Last September we posted about an article in the Telegraph, Cutty Sark restoration turning into a fiasco. Thanks to Alaric Bond for passing on an update recently published in the Private Eye. The restoration of the Cutty Sark, after a major fire in 2007, was supposed to be completed by 2009. Currently, it appears that the renovation will be completed no earlier than 2012. The project is also over-budget and there is a real concern that the “restoration” will do permanent and serious damage to the historic ship.
CUTTY SARK’S BERTH PAINS
What concerns many nautical experts is not so much the slowness of the restoration as its insensitiveness and incompetence. Their biggest worry is a madcap scheme – dreamed up by the architect Nicholas Grimshaw – to suspend the ship on steel beams 11 feet above its berth, creating a glass-roofed space directly beneath the hull. In the words of the official website, this is “a new and vastly improved offering for corporate events or private functions… A unique experience for you and your guests, the dry berth will also include AV system, screen and a stage available for use if required, making the party planning much easier for the host!”
Fab news for party-planners, perhaps; but have the feelings of the Cutty Sark herself been considered?
Hoisting her three metres above the dry dock will cause huge inward pressure which will have to be counteracted by new steel frames inside and outside the ship. A lift is also being installed for disability access, which requires yet more super-stiff bracing. As Classic Boat magazine points out, ships like this “were built to flex in the motion of the sea; they were not built for a lift where the guide track requires absolute stability to work”. To achieve that stability, more than a fifth of the original planks must be either removed or hacked about to accommodate the steelwork.
Rusty thinking
The project has been an unending saga of cock-ups. One early idea was to immerse the ship in an electrolytic solution to remove the rust; this had to be abandoned when it transpired that the rust was what was holding the old frames together. As a cost-cutting measure, the trust used glass-fibre bolts on the replanking – which, being too weak to stand the strain, immediately started shearing.
And still the cock-ups continue. The trust recently spent £1m on recycled teak for the deck.
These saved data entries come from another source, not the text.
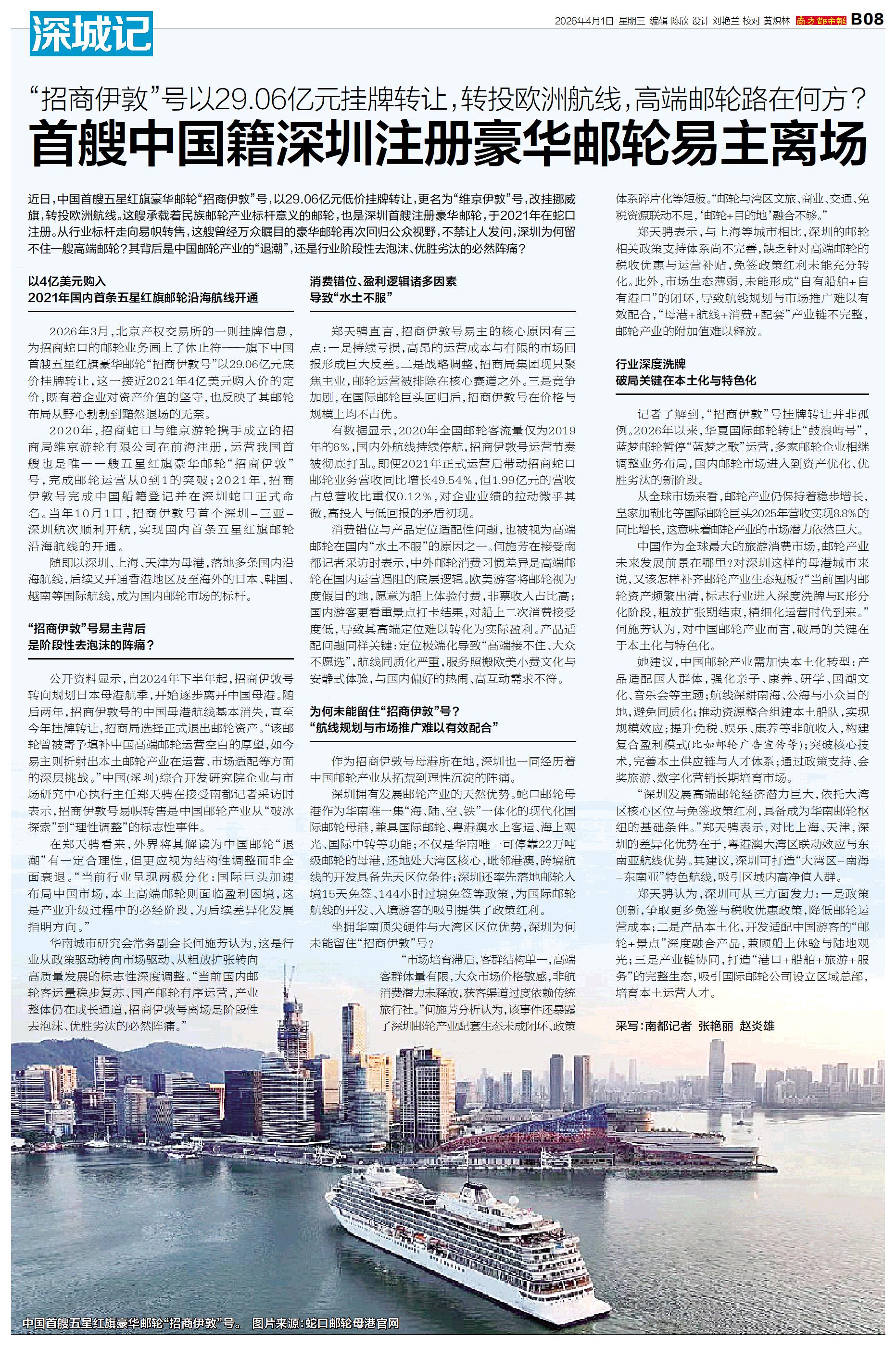 中国首艘五星红旗豪华邮轮“招商伊敦”号。 图片来源:蛇口邮轮母港官网 近日,中国首艘五星红旗豪华邮轮“招商伊敦”号,以29.06亿元低价挂牌转让,更名为“维京伊敦”号,
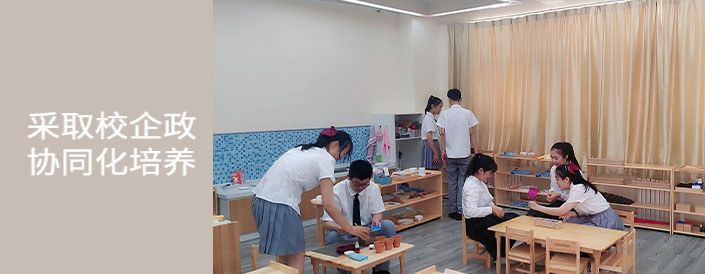 坚持“行校共建、产教融合”的办学模式,与国际知名企业北京菁英堡科技有限公司、罗兰盛世音乐教育科技有限公司、贝芽智能科技有限公司、北京可儿教育科技有限公司、陕西大千教育管理股份有限公司等国内外头部企业深度合作,坚持“做中学、学中做”,从一份教学设计、一个婴幼儿照护入手,实岗真做,实景应用式教学助力人才培养。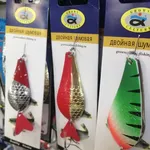 Блесна состоит из двух металлических пластин разного цвета. Имеет шумой эффект. Красный лепесток является точкой атаки для рыбы и способствует более медленной проводки.

The specification was for planks 3.5 inches by 5 inches, at lengths ranging from 18ft to 36ft, “machined to a decking profile”. The correct sizes were vital to ensure that deck planks matched up with bolt holes in the iron frames; but when the timber arrived much of it turned out to be 5 inches thick, of random width, and at lengths between 6ft and 8ft. Since the project managers had signed off on the delivery and pronounced themselves satisfied, they couldn’t ask for a refund when a visiting shipwright pointed out the mistake. They now have £1m of teak sitting uselessly at an airfield in Wiltshire. One possibility being discussed is to hire roofing contractors to build a ply roof where the deck should be and then cover it with a thin layer of teak like a cheap veneer – “the Disneyland version”, as one disgruntled mariner puts it.
Cash float
The finances have been equally erratic: an initial costing of £35m has swelled to £46m. The project managers, Balfour Beatty’s subsidiary Heery International, were removed last year following an audit by the construction consultancy, Gardiner and Theobald – and replaced as project managers by, er, Gardiner and Theobald. Neither of these companies has any discernible expertise in restoring grade I listed ships: their normal line of business is “infrastructure projects”.
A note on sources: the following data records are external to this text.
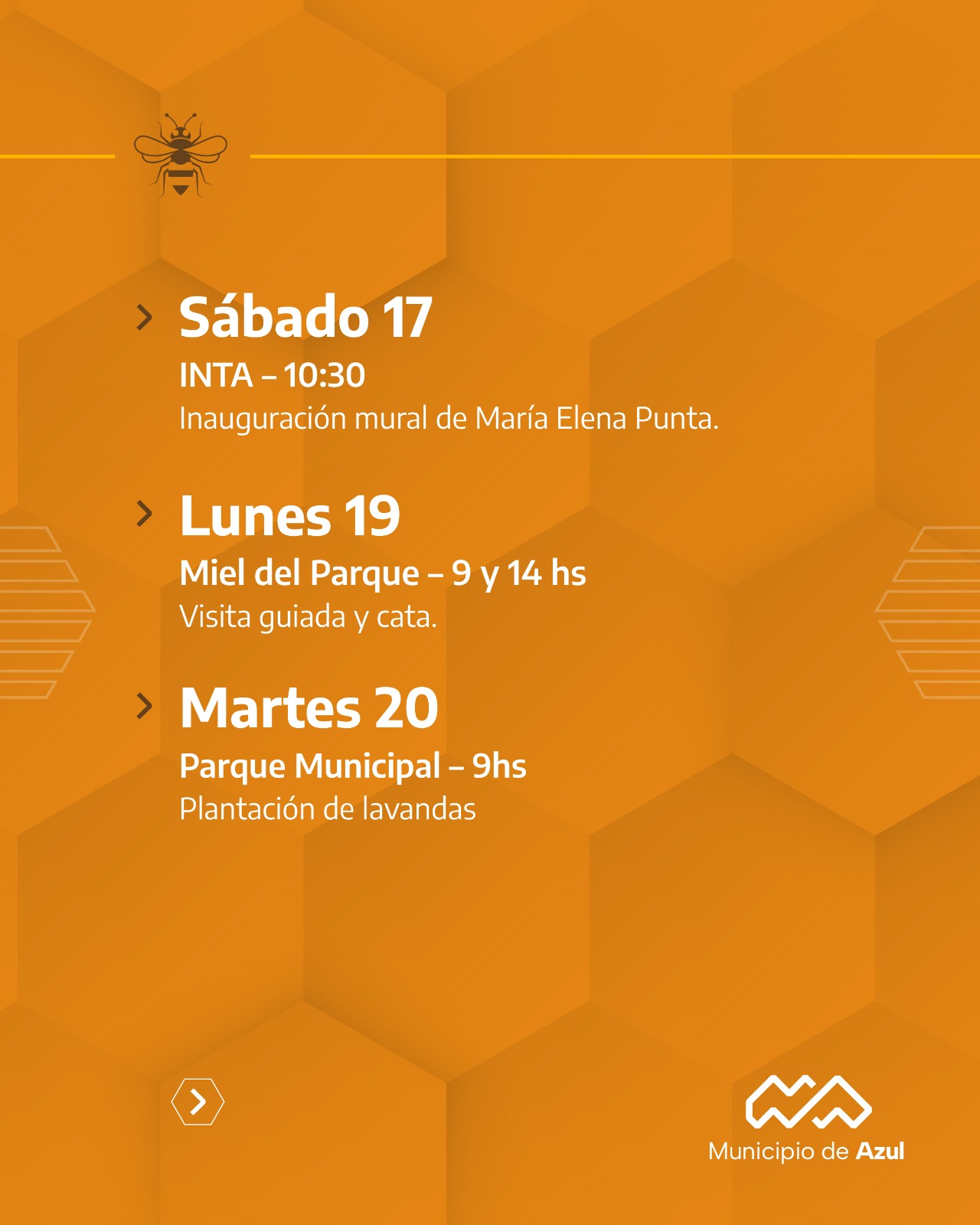 Lunes 19: De 9 a 11 y de 14 a 16, se realizará una visita guiada y una cata de miel en la empresa “Miel del Parque”. La inscripción es gratuita y se saldrá desde la sede del INTA.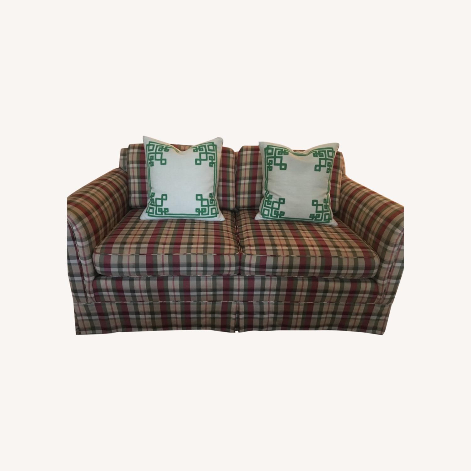 Seller's Notes:Comfortable and beautiful loveseat covered in handsome plaid. Two Pottery Barn pillows included. Very good condition.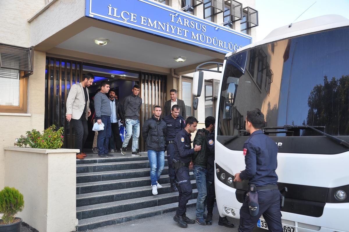 MERSİN (AA) – Mersin'in Tarsus ilçesinde, terör örgütü lehine izinsiz sokak eylemlerine katıldıkları iddiasıyla gözaltına alınan 17 kişi adliyeye sevk edilirken, eylemlerin olduğu mahalledeki bir okulda eğitime bugün ara verildi.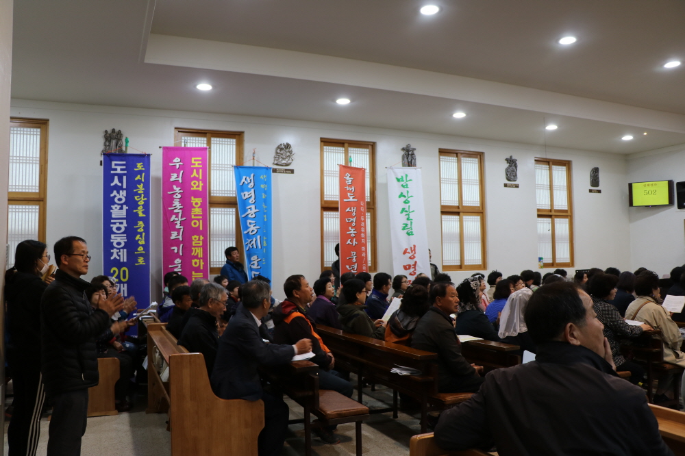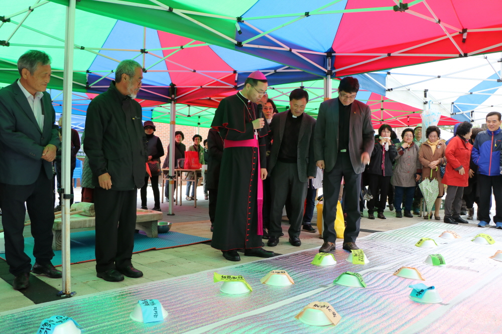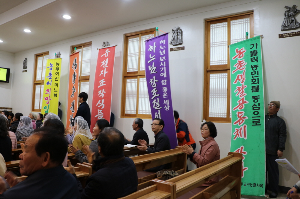 4월 14일(토) 용진 성당(주임=이영춘 신부)에서는 전주교구 농촌·환경사목위원회와 가톨릭 농민회 우리농촌살리기운동 본부의 주관으로 도시와 농촌이 함께 하는 ‘풍년기원미사 및 영농발대식’이 열렸다. 이번 행사는 교구장 김선태 주교의 주례로 풍년기원 미사가 봉헌되고, 영농발대식과 나눔 잔치, 어울림 한마당 순서로 진행되었다. 김 주교는 강론을 통해 “농사는 인간이 짓는 것이 아니다. 하느님께서 지으시는 것이다. 하느님께서 인간의 생명을 창조하셨고 또 인간의 생명을 위해서 다른 모든 피조물들을 창조하셨기 때문에 농업에 종사하는 우리는 하느님께 의지할 수밖에 없다. 그러니 올 한해 하느님께 분명히 의지하고 우리에게 맡겨진 사명에 충실하도록 하자.”라고 격려했다.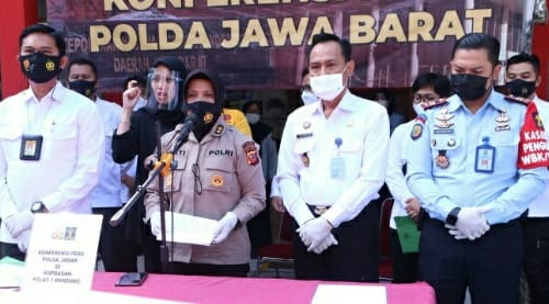 Kasubdit I Ditreskrimsus Polda Jabar AKBP Andry Agustiano didampingi Kasubbid Penmas Bid Humas Polda Jabar AKBP Dra. Santi Gunarni saat melaksanakan Konferensi Pers di Rupbasan, Jl. Pacuan Kuda Bandung mengungkapkan, Praktek pengoplosan gas 12 Kg tersebut sudah berjalan selama satu tahun yang di lakoni pria asal bogor berinisial KPH, Rabu (16/6/2021)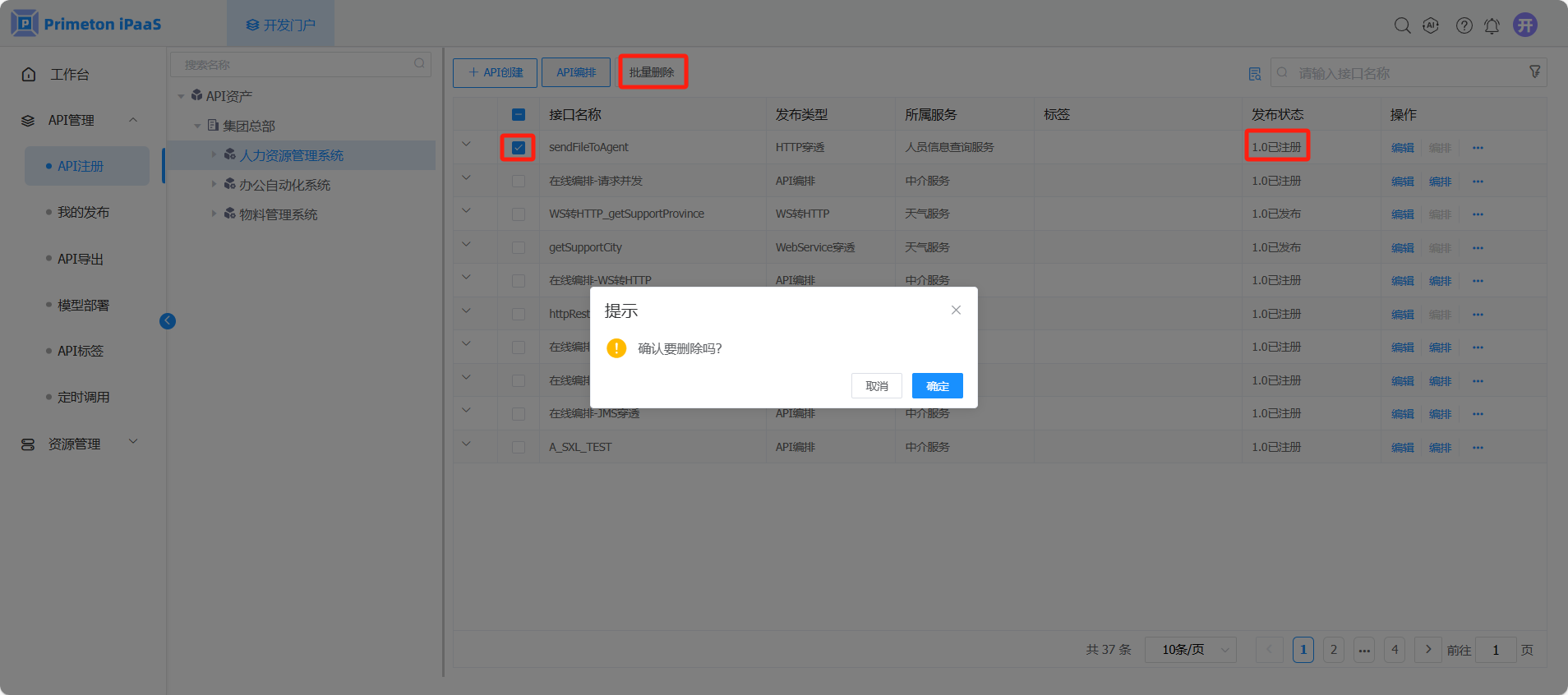 1. 在“API注册”界面,选择左侧组织树中API所属节点,选中需要删除的API接口,点击“批量删除”按钮,弹出删除确认界面 (已发布接口需取消发布并删除发布记录后才能删除,待发布的接口需在我的发布菜单栏删除发布记录后才能删除)。

The same is true of Büro Happold, the structural engineers, who boast on their website of “a real passion for the built environment” but only in relation to art galleries in Abu Dhabi or specialist schools in the UK – and of Grimshaw, the architects, who can design you a snazzy office-block or arts centre but seem rather short of maritime know-how. Astonishingly no naval architect or shipwright is overseeing the restoration – which may explain why more emphasis is placed on creating an “iconic” leisure venue than on giving the old girl a sympathetic refit.
It’s also why Greenwich council stumped up an extra £7m five months ago. Justifying this extravagance, at a time of budget cuts elsewhere, council leader Chris Roberts raved that “the difference between the iconic scheme the council has supported and simply putting the ship back together as was could not be greater”. Indeed – the main difference being that in the view of most experts his iconic scheme will damage the fabric of the ship.
The project’s chief engineer, Professor Peter Mason, resigned last December when he discovered how much stress would be placed on the Cutty Sark by hoisting her above the new corporate-events space. “I actually resigned a year ago, and was persuaded to stay on,” he told Classic Boat, “but I can’t be part of this now.” Who can blame him?
The person who caused the fire was still employed as at Dec 2009 & thought highly of by his workmates as he had created,’more work’.
Work of this nature usually requires moving around the country, if not the world, a fair bit.
The fire meant they could rely on this job for quite some time. It also meant that their scarce skills were at a premium: worldwide.
I have no doubt that the fire was unintentional.